Start of Data section
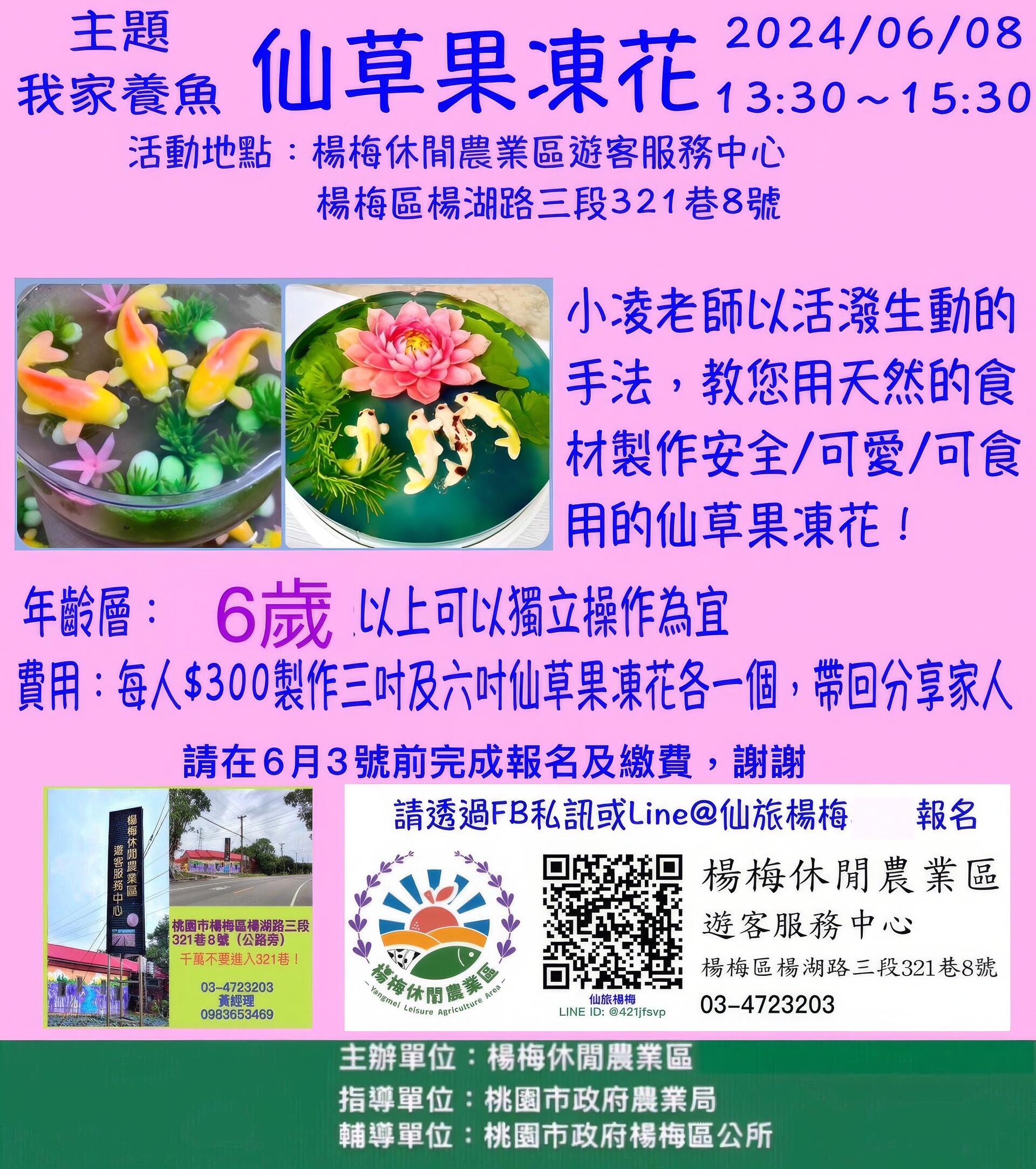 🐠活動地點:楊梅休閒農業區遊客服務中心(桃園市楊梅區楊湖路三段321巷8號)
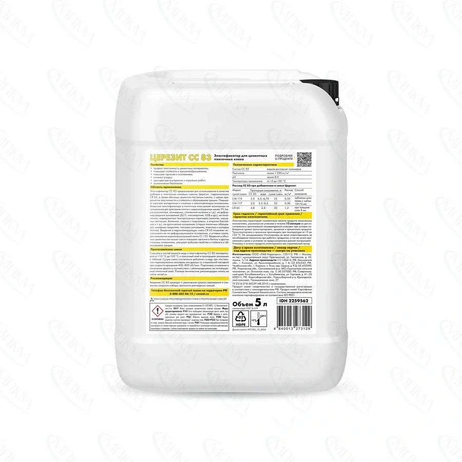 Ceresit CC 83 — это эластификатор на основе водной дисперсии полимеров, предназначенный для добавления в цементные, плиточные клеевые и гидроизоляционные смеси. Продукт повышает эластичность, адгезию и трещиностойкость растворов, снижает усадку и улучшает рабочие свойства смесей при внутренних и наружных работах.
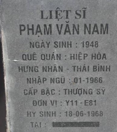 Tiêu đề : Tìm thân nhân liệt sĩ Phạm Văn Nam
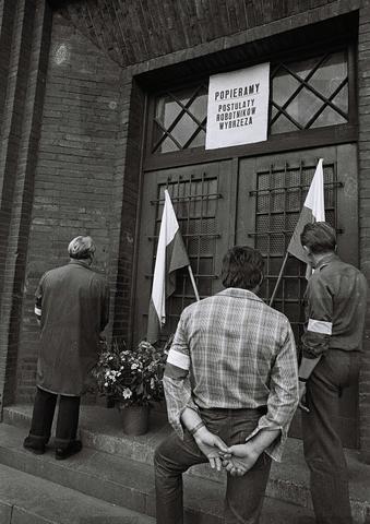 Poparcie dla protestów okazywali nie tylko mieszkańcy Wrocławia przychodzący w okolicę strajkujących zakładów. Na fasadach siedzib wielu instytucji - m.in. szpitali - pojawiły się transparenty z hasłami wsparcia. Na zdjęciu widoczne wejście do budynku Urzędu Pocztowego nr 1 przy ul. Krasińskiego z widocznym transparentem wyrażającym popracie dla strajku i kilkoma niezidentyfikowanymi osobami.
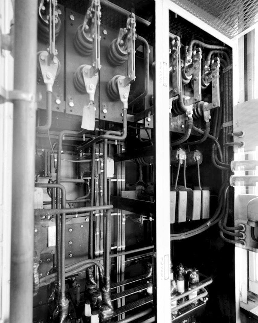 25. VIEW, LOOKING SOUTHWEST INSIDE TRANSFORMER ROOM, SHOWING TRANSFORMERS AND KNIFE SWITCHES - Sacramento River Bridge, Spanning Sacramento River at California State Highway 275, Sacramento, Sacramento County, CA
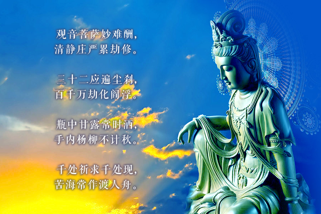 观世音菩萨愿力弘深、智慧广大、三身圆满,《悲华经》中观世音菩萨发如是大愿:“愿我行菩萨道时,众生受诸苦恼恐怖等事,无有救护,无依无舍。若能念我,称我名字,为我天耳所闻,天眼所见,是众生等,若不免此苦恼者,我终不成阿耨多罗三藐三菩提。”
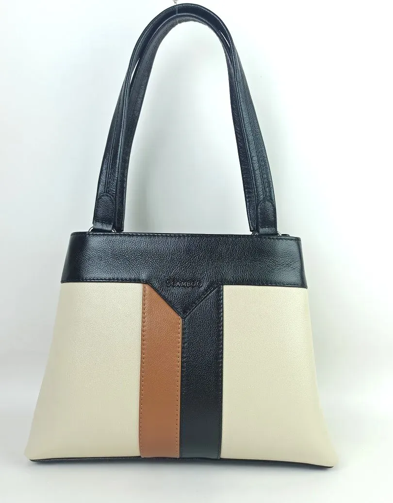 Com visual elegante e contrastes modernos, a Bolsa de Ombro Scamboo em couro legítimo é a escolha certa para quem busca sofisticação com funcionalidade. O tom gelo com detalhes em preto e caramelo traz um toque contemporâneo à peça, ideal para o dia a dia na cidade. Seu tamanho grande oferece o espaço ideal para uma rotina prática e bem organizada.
End of Data section
> _Prompt_
Please transcribe exactly the lines from the start of the records through the line containing "Ceresit CC 83", leaving the pictures out.

> _Reply_
 🐠活動地點:楊梅休閒農業區遊客服務中心(桃園市楊梅區楊湖路三段321巷8號)
 Ceresit CC 83 — это эластификатор на основе водной дисперсии полимеров, предназначенный для добавления в цементные, плиточные клеевые и гидроизоляционные смеси. Продукт повышает эластичность, адгезию и трещиностойкость растворов, снижает усадку и улучшает рабочие свойства смесей при внутренних и наружных работах.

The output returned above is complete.